MackayA Glasgow, Frank Macleod est une légende. Tueur au service de la bande de Peter Jamieson il est le plus ancien en exercice, le pro le plus efficace et le plus reconnu, que personne n’a encore pu surprendre et contre qui la police n’a jamais rien trouvé. Mais Frank vieillit, inexorablement. Et au retour d’une opération de la hanche, pour la première fois, il se fait surprendre par le jeunot qu’il devait abattre. Contre toutes les règles du milieu, Peter envoie Calum MacLean lui sauver la mise en catastrophe. Reste ensuite la question la plus embêtante : comment un tueur comme Frank, qui sait tant de choses sur l’organisation de Jamieson peut-il prendre sa retraite ? En a-t-il envie ? Et comment s’assurer qu’il ne parlera jamais ?

Un bouquin impressionnant pour lequel j’ai du mal à m’enthousiasmer. J’explique.

Objectivement, c’est un très bon roman, pas étonnant qu’il ait gagné, si j’en crois son éditeur, le prix du meilleur polar de l’année chez lui, en Ecosse.

Les personnages des deux tueurs, Frank et Calum sont intéressants, comme est très intéressante cette façon de les décrire comme des hommes « ordinaires », ayant un boulot, presque comme un autre, sans émettre le moindre jugement de valeur, en laissant juste le lecteur sursauter de temps en temps quand il s’aperçoit qu’il se prend à oublier, justement, en quoi consiste ce boulot. Très habilement et intelligemment fait !

La description du milieu est aussi impressionnante, d’une sécheresse totale, à l’opposé du glamour et du mythe, extrêmement froide et sans le moindre jugement moral. Vraiment là encore une réussite.

La progression de l’intrigue ne ravira certes pas les amateurs de coups de théâtre et d’action à tout va. Un boulot vous disais-je, les personnages vont au boulot, sans plus de passion, mais sans plus de dégout non plus que le poinçonneur des Lilas.
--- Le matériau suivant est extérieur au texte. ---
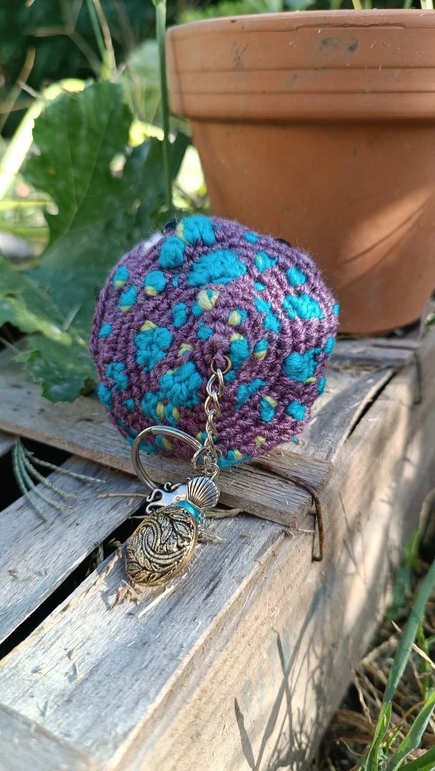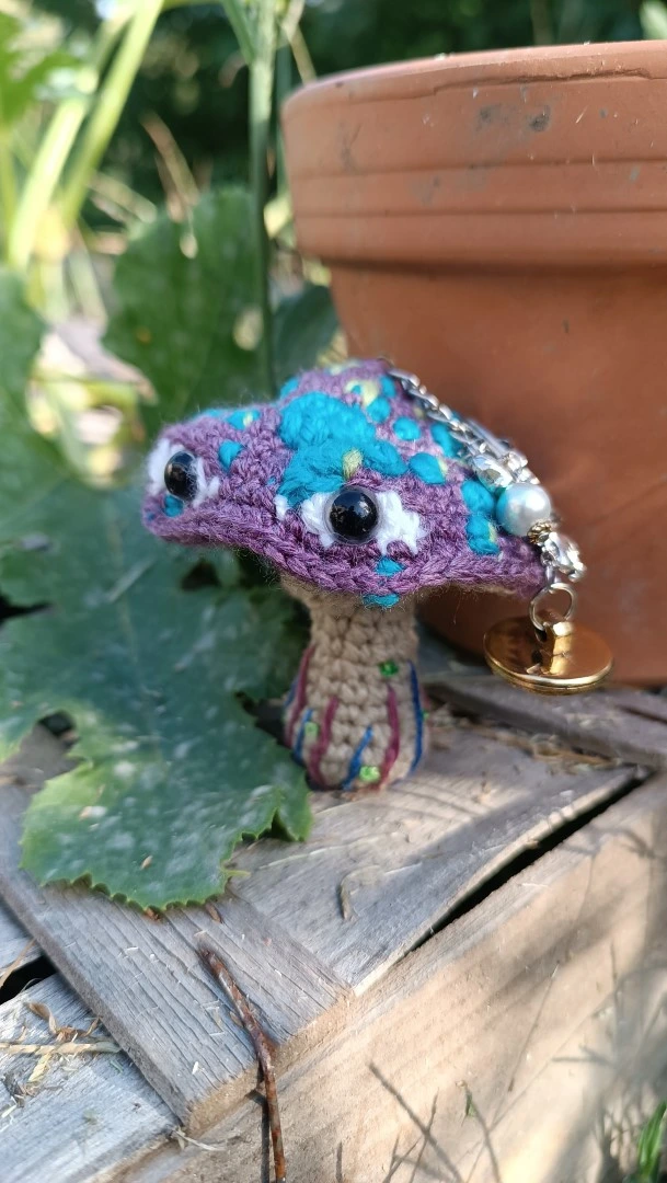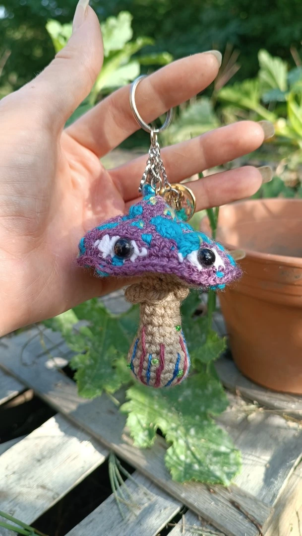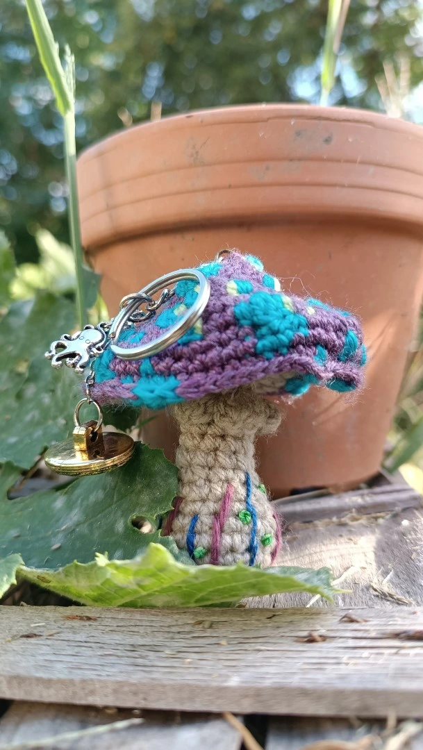 Porte-clés , champignon , Champi’fou violet aux spores bleu et vert psychédélique, crocheté main acrylique, ouate hypoallergénique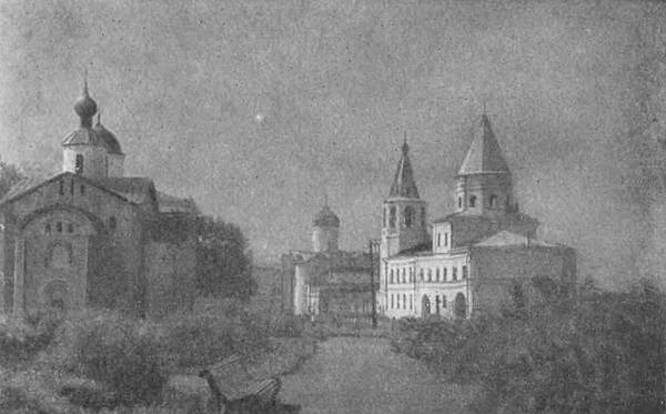К другому славному монастырю Пскова, Снетогорскому, ведет ныне не какой-нибудь мрачный подземный ход, а весьма удобная автобусная линия. В ранний утренний час я оказался единственным пассажиром этого автобуса до Снетной горы. Впервые я видел Снетогорский монастырь не в зелени, а в непривычном мне уборе из снега и морозного инея. Мартовская зорька вызолотила соборный крест. Под обновленными куполами, на карнизах и выступах, присыпанных снежком, сидели нахохленные галки, и снизу казалось, что на барабаны церковных главок накинута горностаевая мантия с черными точечками-хвостами.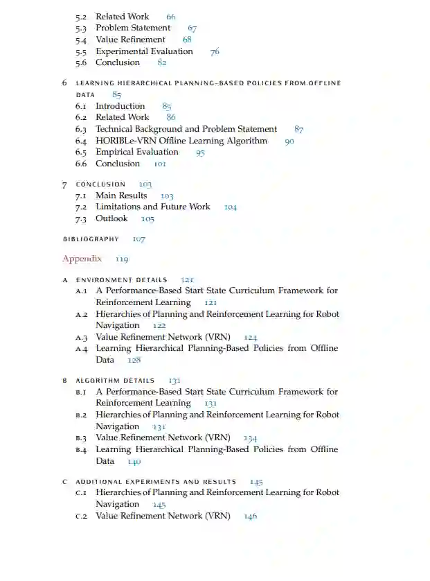 最后,我们通过提出HORIBLe-VRN算法来处理离线学习设置,以从预先收集的数据中学习上述基于层次规划的策略。它结合了层次模仿学习,包括潜在子目标的推断,以及随后对VRN的离线RL细化。我们的实证评估显示出良好的性能、泛化能力以及对次优演示的一定鲁棒性。 总结来说,我们提出了基于RL和规划技术的算法,这些算法使得在稀疏奖励智能体导航任务中的学习和数据效率得到了提高。

Mais si elle n’est pas trépidante, l’intrigue est d’une totale cohérence, et elle nous mène sans le moindre faux pas vers la fin inéluctable.

Alors pourquoi ne pas être enthousiaste ? Je ne sais pas trop. Trop froid peut-être, des vies trop ternes (et oui, ici les truands ont des vies très ternes), pas de passion, très peu de suspense finalement, pas d’émotion. Je sais que c’est voulu, mais du coup je suis resté en dehors.

Jusqu’au dernier chapitre. Qui m’a pour le coup remué et bluffé. Il est pourtant tout en retenue, comme le reste du roman, mais il m’a vraiment touché. Mais je ne vous dirai pas pourquoi pour vous laisser le découvrir. Et vous reviendrez me dire si vous y avez, vous aussi, été sensibles.

Malcolm Mackay / Comment tirer sa révérence (How a gunman says goodbye, 2012), Liana Lévi (2013), traduit de l’anglais (Ecosse) par Fanchita Gonzalez Battle.